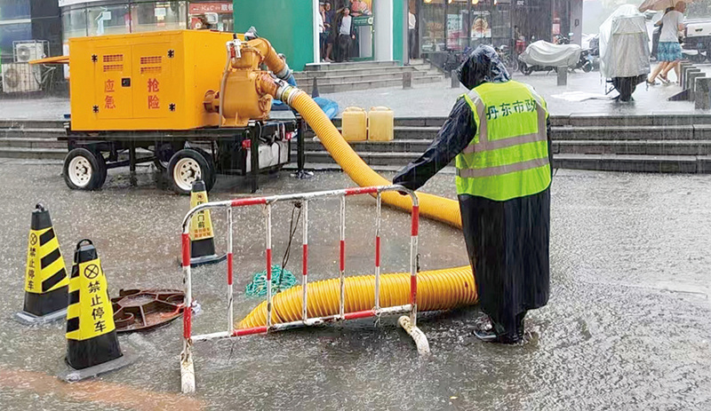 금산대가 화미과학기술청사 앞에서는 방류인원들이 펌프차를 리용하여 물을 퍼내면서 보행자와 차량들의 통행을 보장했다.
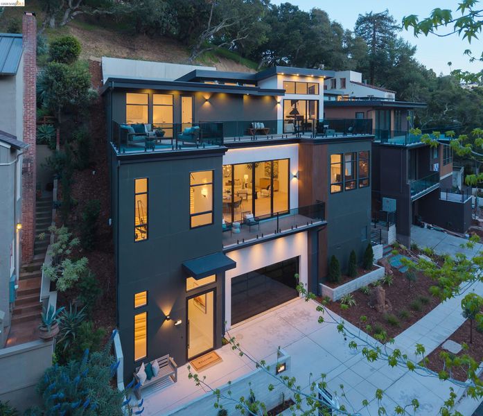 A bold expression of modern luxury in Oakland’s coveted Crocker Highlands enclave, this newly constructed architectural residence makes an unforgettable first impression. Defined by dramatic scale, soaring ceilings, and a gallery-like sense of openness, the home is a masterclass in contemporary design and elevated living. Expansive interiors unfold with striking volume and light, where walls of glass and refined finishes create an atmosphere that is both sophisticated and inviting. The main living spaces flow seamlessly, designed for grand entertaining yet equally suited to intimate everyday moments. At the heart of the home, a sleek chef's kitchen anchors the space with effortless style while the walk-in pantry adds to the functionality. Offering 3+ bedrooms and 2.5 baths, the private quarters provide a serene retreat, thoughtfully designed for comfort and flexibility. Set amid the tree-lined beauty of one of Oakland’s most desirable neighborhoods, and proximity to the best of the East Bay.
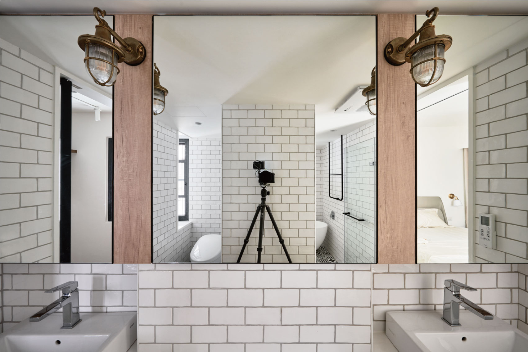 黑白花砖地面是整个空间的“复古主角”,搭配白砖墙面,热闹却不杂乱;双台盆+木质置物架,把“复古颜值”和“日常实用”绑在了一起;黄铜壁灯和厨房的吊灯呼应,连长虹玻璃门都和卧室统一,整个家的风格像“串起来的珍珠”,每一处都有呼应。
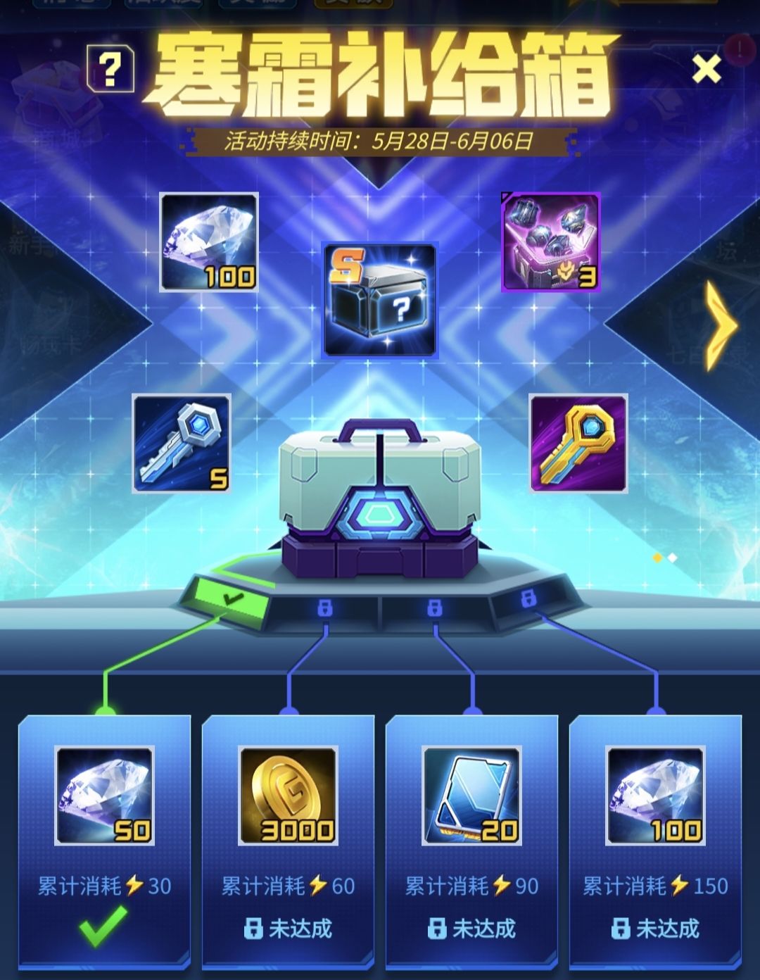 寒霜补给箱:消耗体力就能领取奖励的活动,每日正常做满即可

▶ [Problem to solve]
Please repeat all of the data exactly as it stands, leaving the pictures out.

▶ [Task answer]
 금산대가 화미과학기술청사 앞에서는 방류인원들이 펌프차를 리용하여 물을 퍼내면서 보행자와 차량들의 통행을 보장했다.
 A bold expression of modern luxury in Oakland’s coveted Crocker Highlands enclave, this newly constructed architectural residence makes an unforgettable first impression. Defined by dramatic scale, soaring ceilings, and a gallery-like sense of openness, the home is a masterclass in contemporary design and elevated living. Expansive interiors unfold with striking volume and light, where walls of glass and refined finishes create an atmosphere that is both sophisticated and inviting. The main living spaces flow seamlessly, designed for grand entertaining yet equally suited to intimate everyday moments. At the heart of the home, a sleek chef's kitchen anchors the space with effortless style while the walk-in pantry adds to the functionality. Offering 3+ bedrooms and 2.5 baths, the private quarters provide a serene retreat, thoughtfully designed for comfort and flexibility. Set amid the tree-lined beauty of one of Oakland’s most desirable neighborhoods, and proximity to the best of the East Bay.
 黑白花砖地面是整个空间的“复古主角”,搭配白砖墙面,热闹却不杂乱;双台盆+木质置物架,把“复古颜值”和“日常实用”绑在了一起;黄铜壁灯和厨房的吊灯呼应,连长虹玻璃门都和卧室统一,整个家的风格像“串起来的珍珠”,每一处都有呼应。
 寒霜补给箱:消耗体力就能领取奖励的活动,每日正常做满即可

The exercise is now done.